───── Exercise data

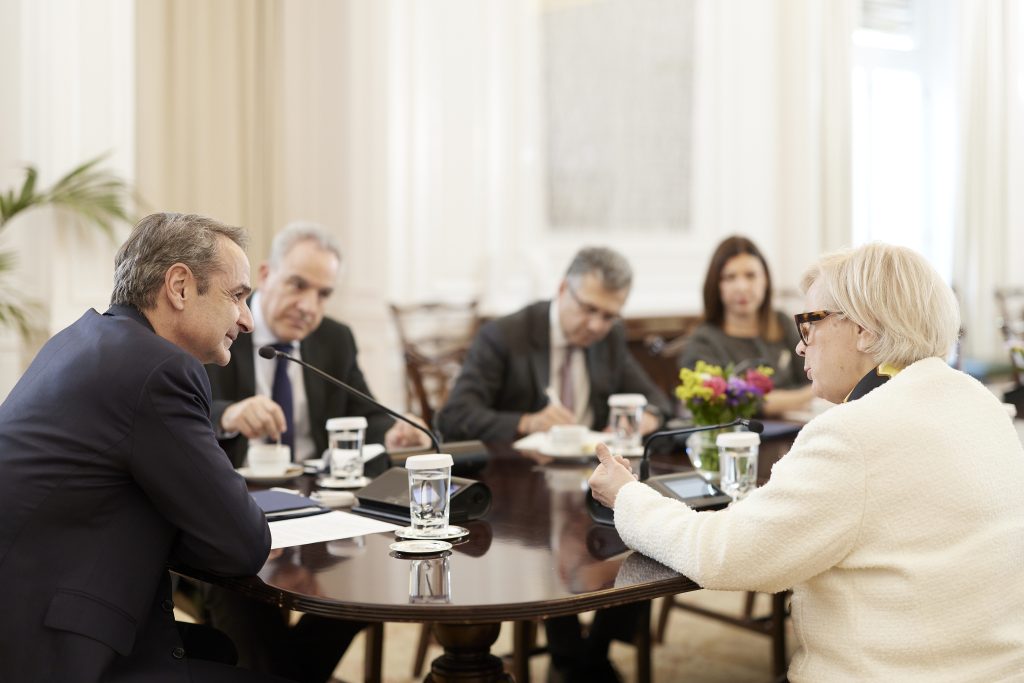 O Πρωθυπουργός Κυριάκος Μητσοτάκης συναντήθηκε στο Μέγαρο Μαξίμου με την Υπουργό Ενόπλων Δυνάμεων της Γαλλίας Catherine Vautrin.
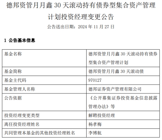 杨孝梅离任德邦资管月月鑫30天滚动债
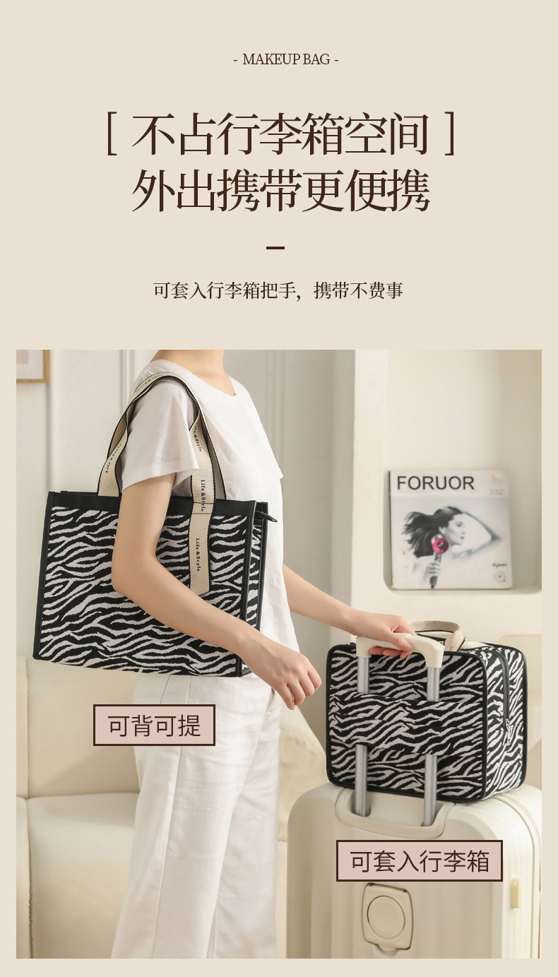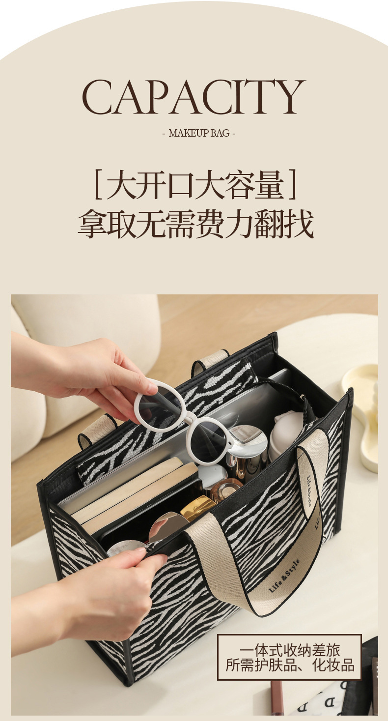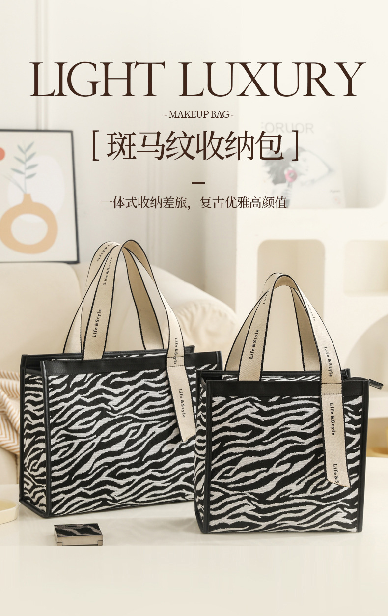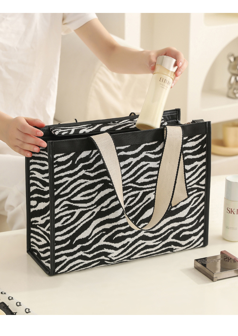 다기능 화장품 가방, 얼룩말 무늬 에스닉 스타일 캔버스 토트백, 고급스러운 대용량 출장 여행용 수납 가방
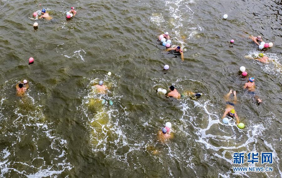 1月4日,冬泳爱好者在山西运城七彩盐湖景区进行冬泳抢气球趣味活动(无人机照片)。 冬季里,人们走到户外,或感受冰雪运动的乐趣,或体验冬泳的酣畅,以多种方式度过美好的时光。 新华社发(薛俊 摄)
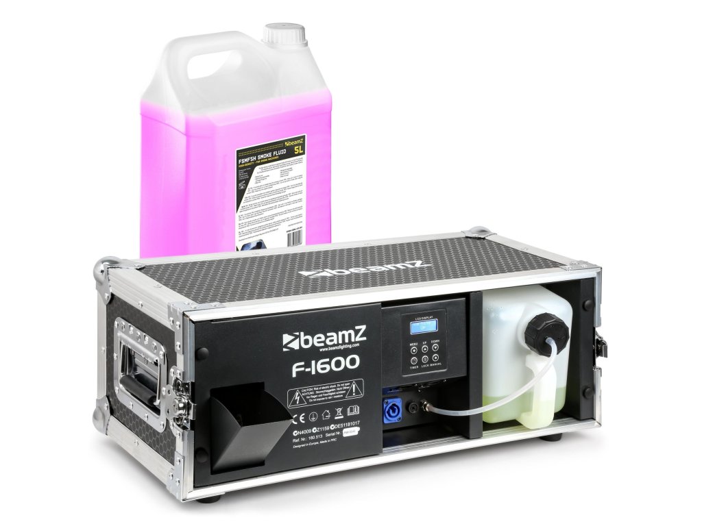 Výhodný set fazer výrobníka hmly v prepravnom kufri BeamZ F1600 Pro Faze 1600W a kvapaliny vysokej hustoty BeamZ FSMF5H 5L.
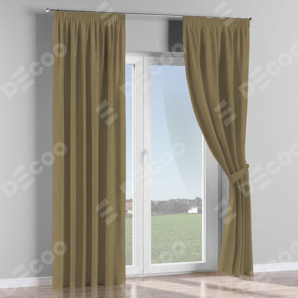 Комплект прямых штор, от производителя «Cortin», пошиты из ткани блэкаут однотонный бежево-золотой, артикул ткани 12095−2. С изнаночной стороны в верхней части штор пристрачивается шторная лента с декоративными складками «Карандаш». Для создания элегантных складок прямые шторы шьются по стандарту с коэффициентом 1:2 (на 100 см. ширины проёма 200 см. ширины ткани).
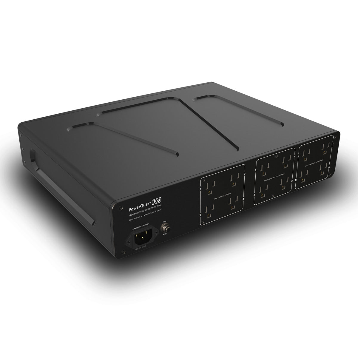 The AudioQuest PowerQuest 303 is a high-performance power conditioner with 12 AC outlets (4 High-Current outlets for amplifiers and 8 Linear-Filtered outlets for source components), a 2m detachable AC power cable, and 2RU rack ears for simple rack-mounting. PowerQuest ensures clean power, optimizes audio/video performance, and provides steadfast protection. Simply set it and forget it.
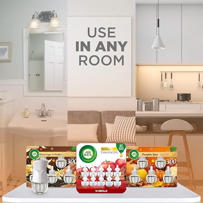 Air Wick Plug in Scented Oil Refill, 5ct, Bonfire and Crisp Fall Air, Essential Oils, Air Freshener Fall Scent, Fall décor
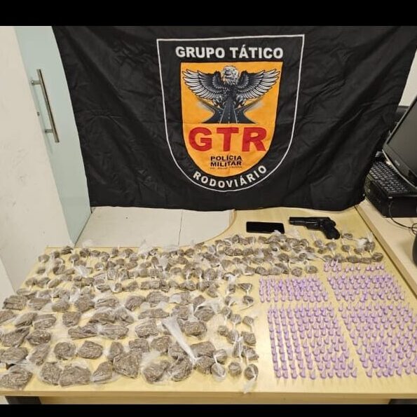 Os passageiros foram revistados, um deles demonstrou total intranquilidade,o que chamou atenção dos PMs, sendo constatado que ele possui várias passagens por tráfico de drogas,fizeram buscas em sua mochila, sendo flagrado transportando 313 pinos de cocaína,186 porções de maconha, simulacro de arma de fogo e um celular.

──────────

Where a picture appears in the records above, omit it, and transcribe exactly the stretch of lines from the one with "冬季里,人们走到户外,或感受冰雪运动的乐趣,或体验冬泳的酣畅,以多种方式度过美好的时光。 新华社发(薛俊 摄)" through the one with "Комплект прямых штор, от".

* Solution for this task:
 1月4日,冬泳爱好者在山西运城七彩盐湖景区进行冬泳抢气球趣味活动(无人机照片)。 冬季里,人们走到户外,或感受冰雪运动的乐趣,或体验冬泳的酣畅,以多种方式度过美好的时光。 新华社发(薛俊 摄)
 Výhodný set fazer výrobníka hmly v prepravnom kufri BeamZ F1600 Pro Faze 1600W a kvapaliny vysokej hustoty BeamZ FSMF5H 5L.
 Комплект прямых штор, от производителя «Cortin», пошиты из ткани блэкаут однотонный бежево-золотой, артикул ткани 12095−2. С изнаночной стороны в верхней части штор пристрачивается шторная лента с декоративными складками «Карандаш». Для создания элегантных складок прямые шторы шьются по стандарту с коэффициентом 1:2 (на 100 см. ширины проёма 200 см. ширины ткани).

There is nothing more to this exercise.